Work request: Would you please repeat, word for word, only the lines from the one holding "Particella n° 1302+" through the one holding "Одна из улиц" in the material below, without the pictures?

Data:

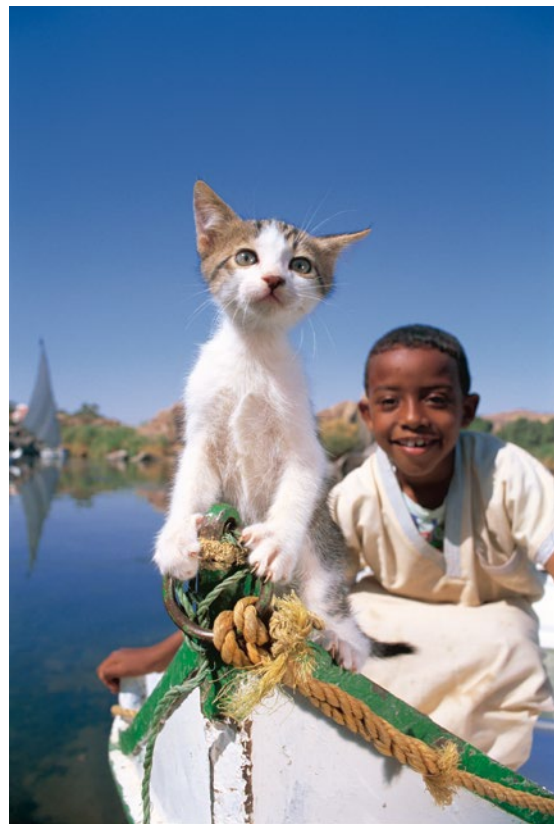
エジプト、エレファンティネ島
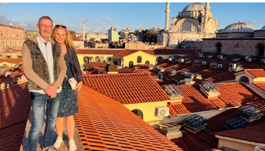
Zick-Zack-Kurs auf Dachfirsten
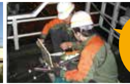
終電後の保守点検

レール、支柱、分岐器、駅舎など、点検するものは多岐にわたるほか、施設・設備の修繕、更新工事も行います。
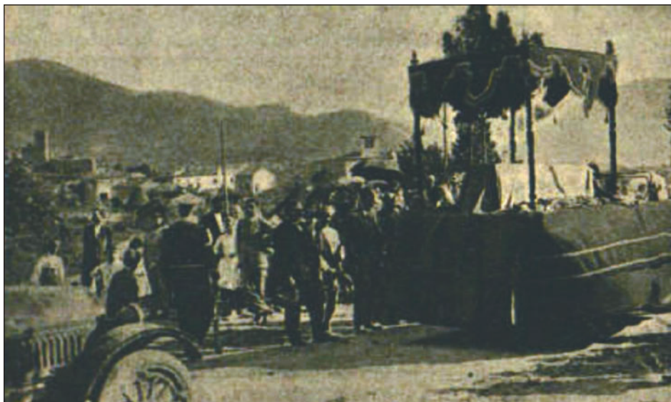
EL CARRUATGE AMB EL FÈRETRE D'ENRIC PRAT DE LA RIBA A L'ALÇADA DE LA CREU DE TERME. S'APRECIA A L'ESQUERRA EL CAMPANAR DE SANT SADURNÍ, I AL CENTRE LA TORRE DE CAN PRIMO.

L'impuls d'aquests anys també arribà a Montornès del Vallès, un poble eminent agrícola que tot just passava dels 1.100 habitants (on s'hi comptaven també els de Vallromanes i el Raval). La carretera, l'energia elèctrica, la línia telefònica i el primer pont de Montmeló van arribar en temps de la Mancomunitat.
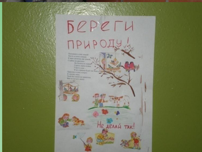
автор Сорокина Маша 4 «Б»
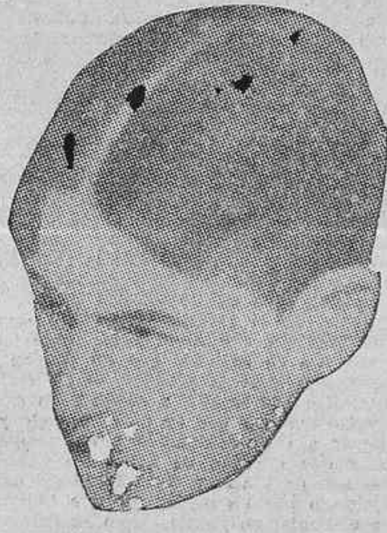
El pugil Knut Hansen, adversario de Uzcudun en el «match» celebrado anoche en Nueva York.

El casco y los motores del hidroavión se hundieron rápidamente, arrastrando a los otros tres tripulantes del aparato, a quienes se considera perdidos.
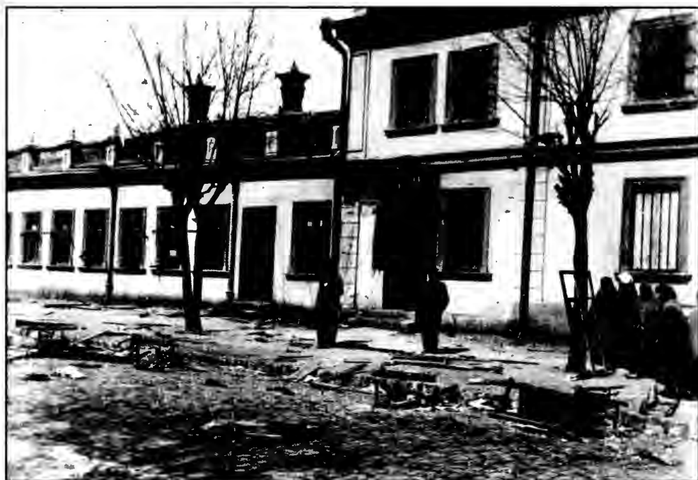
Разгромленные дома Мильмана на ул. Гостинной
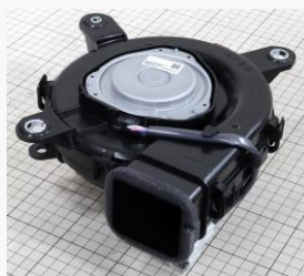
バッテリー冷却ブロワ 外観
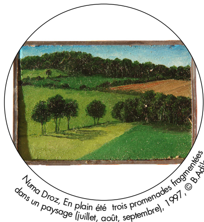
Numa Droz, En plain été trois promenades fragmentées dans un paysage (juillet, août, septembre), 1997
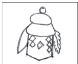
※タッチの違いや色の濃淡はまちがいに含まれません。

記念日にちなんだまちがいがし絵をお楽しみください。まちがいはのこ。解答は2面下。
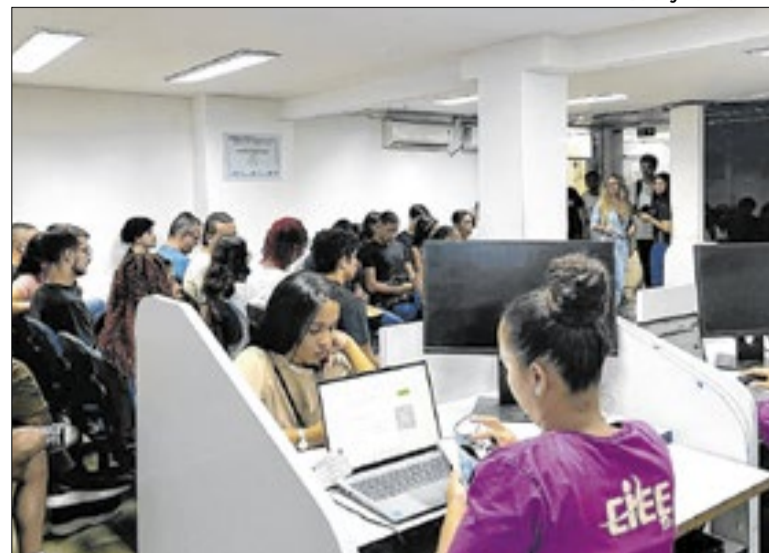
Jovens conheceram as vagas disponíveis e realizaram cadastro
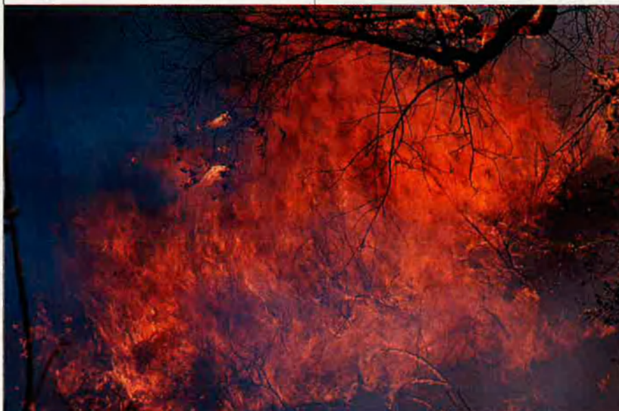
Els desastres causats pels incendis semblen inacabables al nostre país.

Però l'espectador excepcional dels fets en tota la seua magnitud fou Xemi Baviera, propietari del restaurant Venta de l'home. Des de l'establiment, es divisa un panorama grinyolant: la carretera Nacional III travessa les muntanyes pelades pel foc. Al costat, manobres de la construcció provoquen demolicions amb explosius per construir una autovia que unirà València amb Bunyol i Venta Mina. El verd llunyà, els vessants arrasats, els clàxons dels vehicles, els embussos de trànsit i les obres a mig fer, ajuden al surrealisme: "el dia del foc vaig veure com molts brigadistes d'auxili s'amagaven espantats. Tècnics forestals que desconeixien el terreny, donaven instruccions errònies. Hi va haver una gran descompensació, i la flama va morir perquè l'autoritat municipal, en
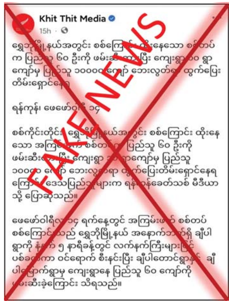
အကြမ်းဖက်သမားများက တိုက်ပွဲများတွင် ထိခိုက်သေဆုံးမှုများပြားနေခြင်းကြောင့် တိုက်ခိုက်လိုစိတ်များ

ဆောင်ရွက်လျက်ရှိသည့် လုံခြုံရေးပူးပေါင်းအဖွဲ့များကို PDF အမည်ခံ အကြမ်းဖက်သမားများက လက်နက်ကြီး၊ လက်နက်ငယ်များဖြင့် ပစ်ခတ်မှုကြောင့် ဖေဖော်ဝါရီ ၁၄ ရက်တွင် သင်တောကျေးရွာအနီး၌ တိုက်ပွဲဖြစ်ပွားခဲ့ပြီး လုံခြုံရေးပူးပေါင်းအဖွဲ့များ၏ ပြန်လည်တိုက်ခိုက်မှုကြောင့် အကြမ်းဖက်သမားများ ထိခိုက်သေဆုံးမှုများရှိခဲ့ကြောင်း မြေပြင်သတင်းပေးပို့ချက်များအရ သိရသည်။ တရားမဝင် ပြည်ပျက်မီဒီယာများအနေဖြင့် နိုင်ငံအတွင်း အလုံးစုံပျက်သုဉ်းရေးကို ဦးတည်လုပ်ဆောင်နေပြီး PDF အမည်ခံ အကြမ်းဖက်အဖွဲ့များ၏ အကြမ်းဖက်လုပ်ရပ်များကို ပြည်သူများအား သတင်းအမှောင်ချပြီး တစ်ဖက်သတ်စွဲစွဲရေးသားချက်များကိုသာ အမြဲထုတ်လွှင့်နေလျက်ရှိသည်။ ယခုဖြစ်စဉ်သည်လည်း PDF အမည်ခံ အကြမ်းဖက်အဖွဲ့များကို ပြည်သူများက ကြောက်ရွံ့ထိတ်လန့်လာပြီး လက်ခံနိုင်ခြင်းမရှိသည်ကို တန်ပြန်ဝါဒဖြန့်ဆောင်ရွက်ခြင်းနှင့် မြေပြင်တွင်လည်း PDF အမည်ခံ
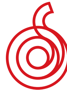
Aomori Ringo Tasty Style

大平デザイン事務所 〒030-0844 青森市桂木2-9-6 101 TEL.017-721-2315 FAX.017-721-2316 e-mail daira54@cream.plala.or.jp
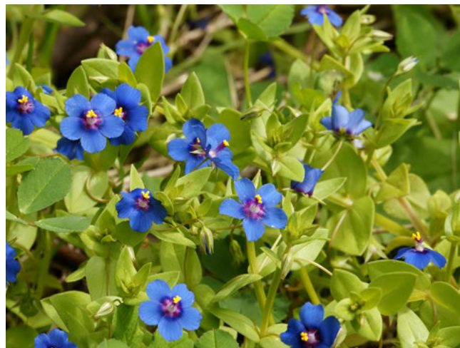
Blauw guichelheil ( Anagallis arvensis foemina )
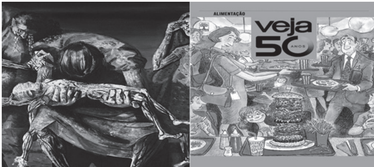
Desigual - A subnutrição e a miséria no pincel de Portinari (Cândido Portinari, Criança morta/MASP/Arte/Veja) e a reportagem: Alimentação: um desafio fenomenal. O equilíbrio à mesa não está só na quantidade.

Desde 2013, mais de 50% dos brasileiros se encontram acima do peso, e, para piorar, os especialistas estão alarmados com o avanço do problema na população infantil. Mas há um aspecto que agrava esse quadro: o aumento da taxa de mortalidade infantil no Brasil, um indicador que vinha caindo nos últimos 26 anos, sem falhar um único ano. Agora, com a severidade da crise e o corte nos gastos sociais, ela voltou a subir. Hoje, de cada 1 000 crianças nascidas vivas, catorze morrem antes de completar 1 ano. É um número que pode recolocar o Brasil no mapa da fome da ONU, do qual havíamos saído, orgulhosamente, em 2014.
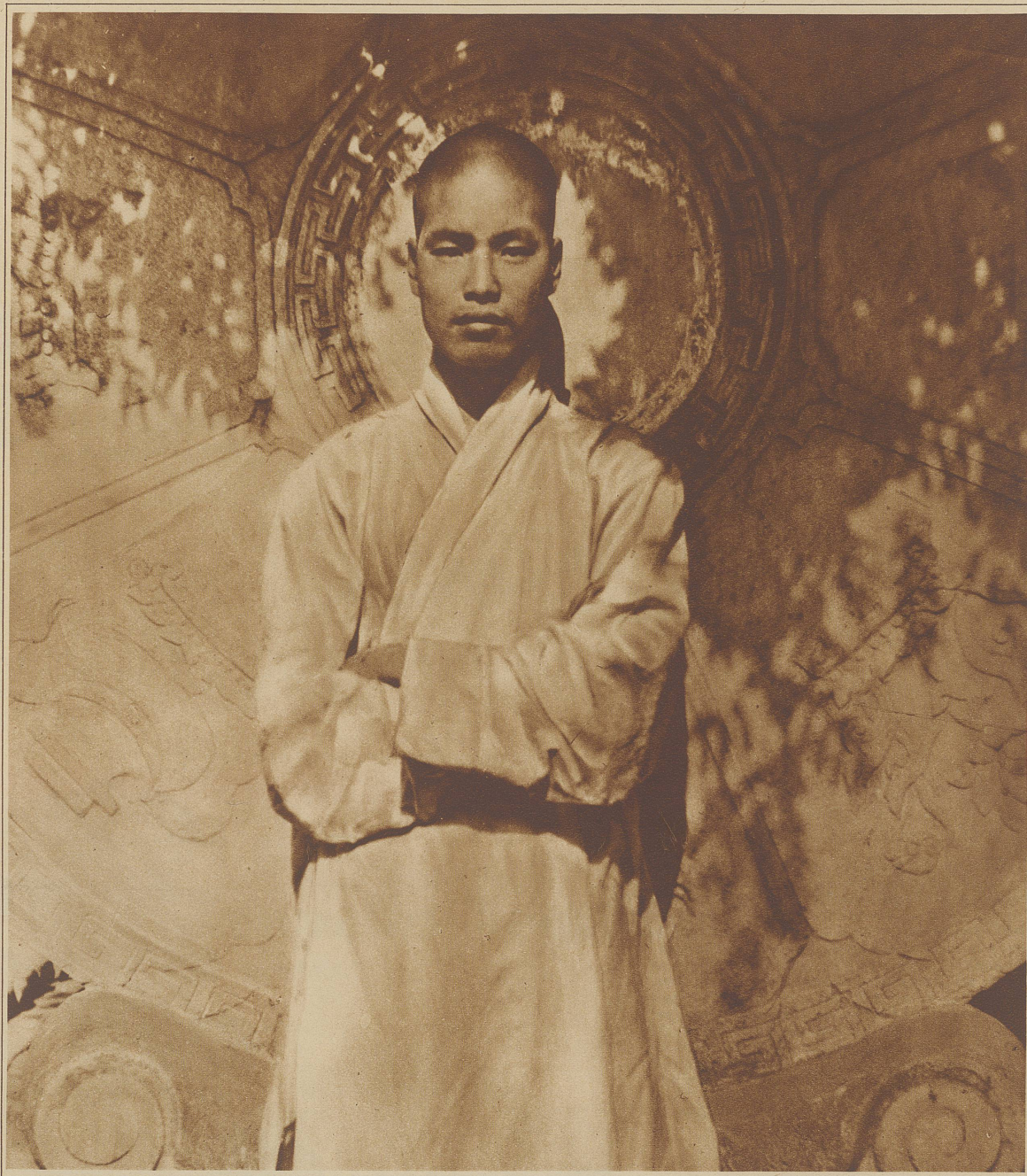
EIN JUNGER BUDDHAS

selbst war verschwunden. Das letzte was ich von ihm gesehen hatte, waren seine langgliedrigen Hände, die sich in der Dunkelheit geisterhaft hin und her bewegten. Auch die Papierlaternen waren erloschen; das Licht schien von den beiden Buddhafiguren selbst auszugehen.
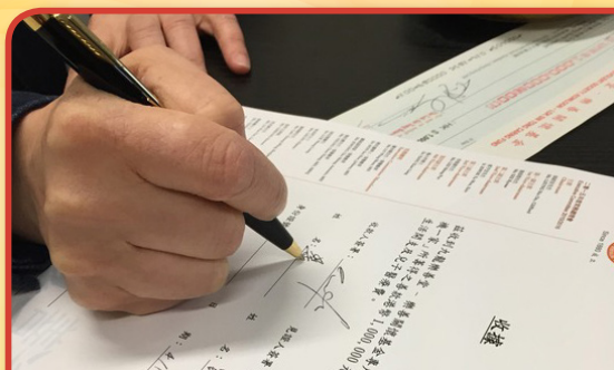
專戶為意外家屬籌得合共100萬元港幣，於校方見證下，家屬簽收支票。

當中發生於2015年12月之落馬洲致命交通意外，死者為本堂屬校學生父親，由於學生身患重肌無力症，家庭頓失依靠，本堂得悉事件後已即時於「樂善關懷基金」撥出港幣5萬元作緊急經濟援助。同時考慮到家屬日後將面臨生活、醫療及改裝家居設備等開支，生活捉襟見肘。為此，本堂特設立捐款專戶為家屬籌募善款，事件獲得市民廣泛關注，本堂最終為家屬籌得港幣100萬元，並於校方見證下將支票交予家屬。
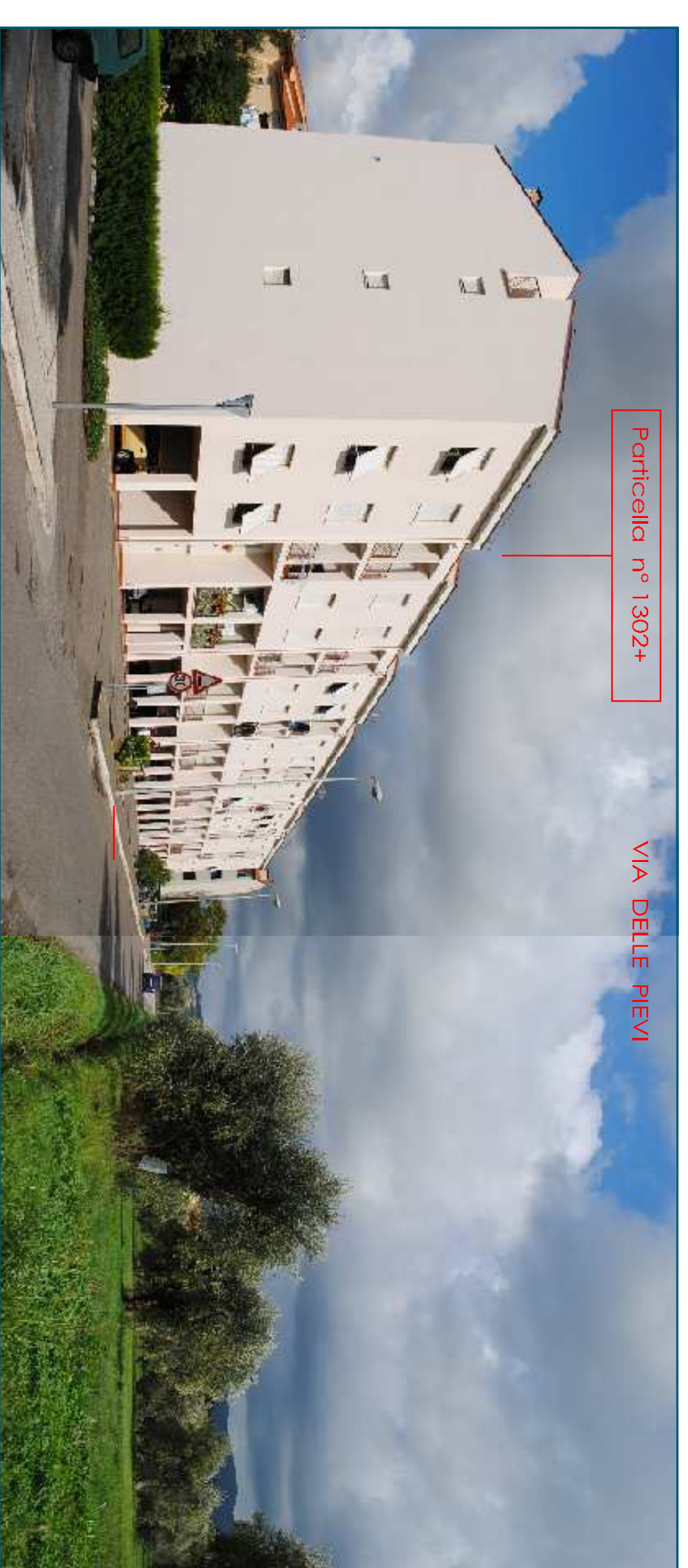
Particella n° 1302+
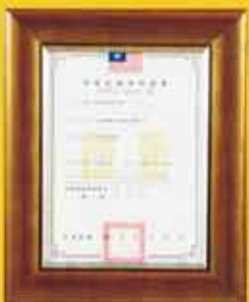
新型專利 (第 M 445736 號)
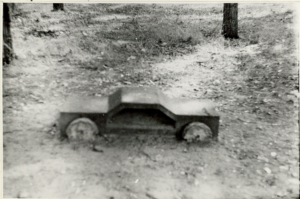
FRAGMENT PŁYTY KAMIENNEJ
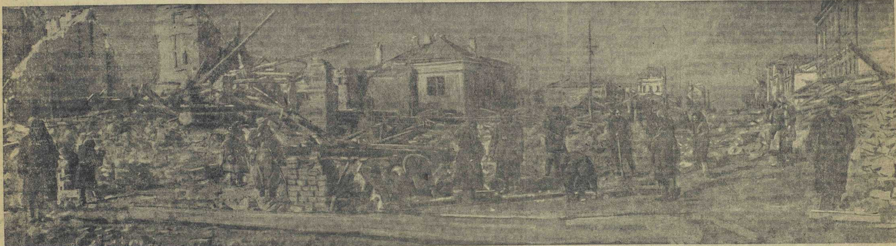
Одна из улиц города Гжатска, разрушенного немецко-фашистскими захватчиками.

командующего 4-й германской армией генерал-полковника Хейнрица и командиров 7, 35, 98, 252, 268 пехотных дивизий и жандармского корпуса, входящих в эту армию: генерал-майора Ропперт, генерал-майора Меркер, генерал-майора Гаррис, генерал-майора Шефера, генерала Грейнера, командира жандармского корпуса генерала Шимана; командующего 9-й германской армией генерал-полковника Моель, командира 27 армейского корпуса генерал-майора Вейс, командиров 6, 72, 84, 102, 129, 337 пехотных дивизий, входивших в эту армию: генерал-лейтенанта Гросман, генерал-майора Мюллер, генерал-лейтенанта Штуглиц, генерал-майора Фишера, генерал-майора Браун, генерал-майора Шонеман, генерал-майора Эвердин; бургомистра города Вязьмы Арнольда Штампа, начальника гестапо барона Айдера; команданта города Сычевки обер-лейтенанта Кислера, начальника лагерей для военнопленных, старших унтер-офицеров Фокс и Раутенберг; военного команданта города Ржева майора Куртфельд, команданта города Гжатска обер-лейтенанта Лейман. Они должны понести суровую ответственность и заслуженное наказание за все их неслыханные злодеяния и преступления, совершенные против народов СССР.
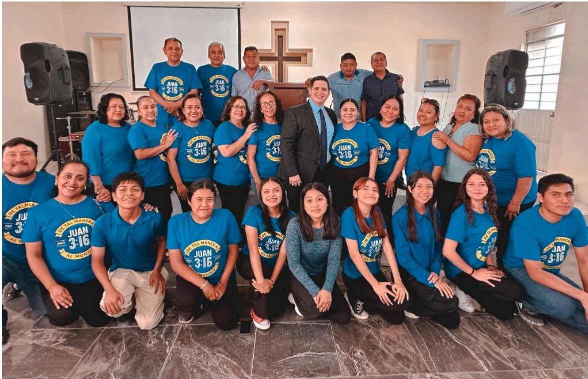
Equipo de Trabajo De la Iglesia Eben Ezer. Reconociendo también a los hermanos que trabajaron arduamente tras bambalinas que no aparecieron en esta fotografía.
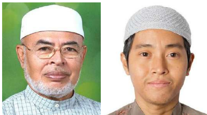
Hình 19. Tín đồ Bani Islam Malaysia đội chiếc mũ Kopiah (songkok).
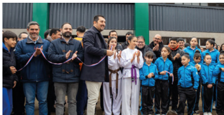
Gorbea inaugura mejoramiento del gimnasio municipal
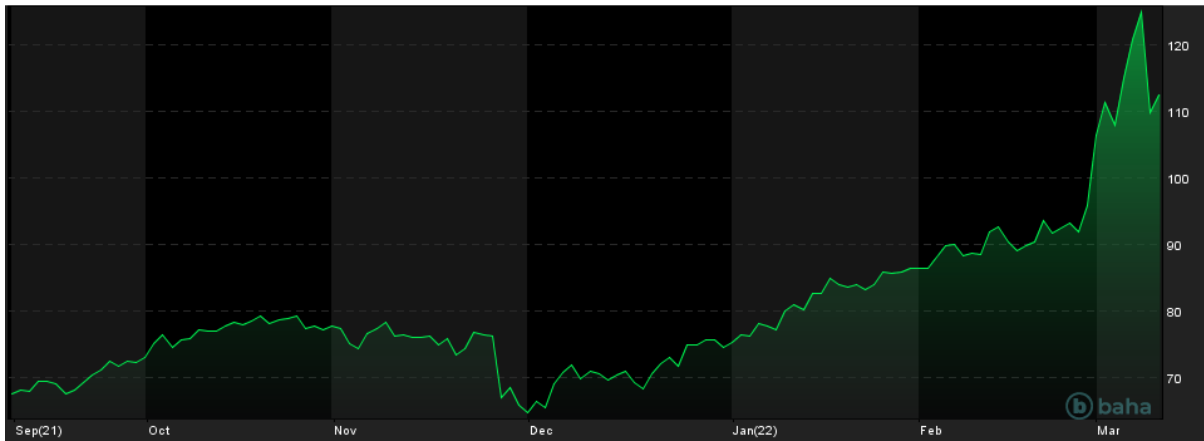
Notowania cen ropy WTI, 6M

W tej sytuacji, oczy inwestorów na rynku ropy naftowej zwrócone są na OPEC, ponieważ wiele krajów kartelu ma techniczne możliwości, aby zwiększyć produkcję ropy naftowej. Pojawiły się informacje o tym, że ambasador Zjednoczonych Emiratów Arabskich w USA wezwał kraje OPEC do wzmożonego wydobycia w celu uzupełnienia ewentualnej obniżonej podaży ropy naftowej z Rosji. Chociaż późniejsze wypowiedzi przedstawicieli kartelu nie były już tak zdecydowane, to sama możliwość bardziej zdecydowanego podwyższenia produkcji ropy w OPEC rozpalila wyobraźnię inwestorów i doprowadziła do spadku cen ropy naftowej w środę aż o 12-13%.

Answer section:
Particella n° 1302+
新型專利 (第 M 445736 號)
FRAGMENT PŁYTY KAMIENNEJ
Одна из улиц города Гжатска, разрушенного немецко-фашистскими захватчиками.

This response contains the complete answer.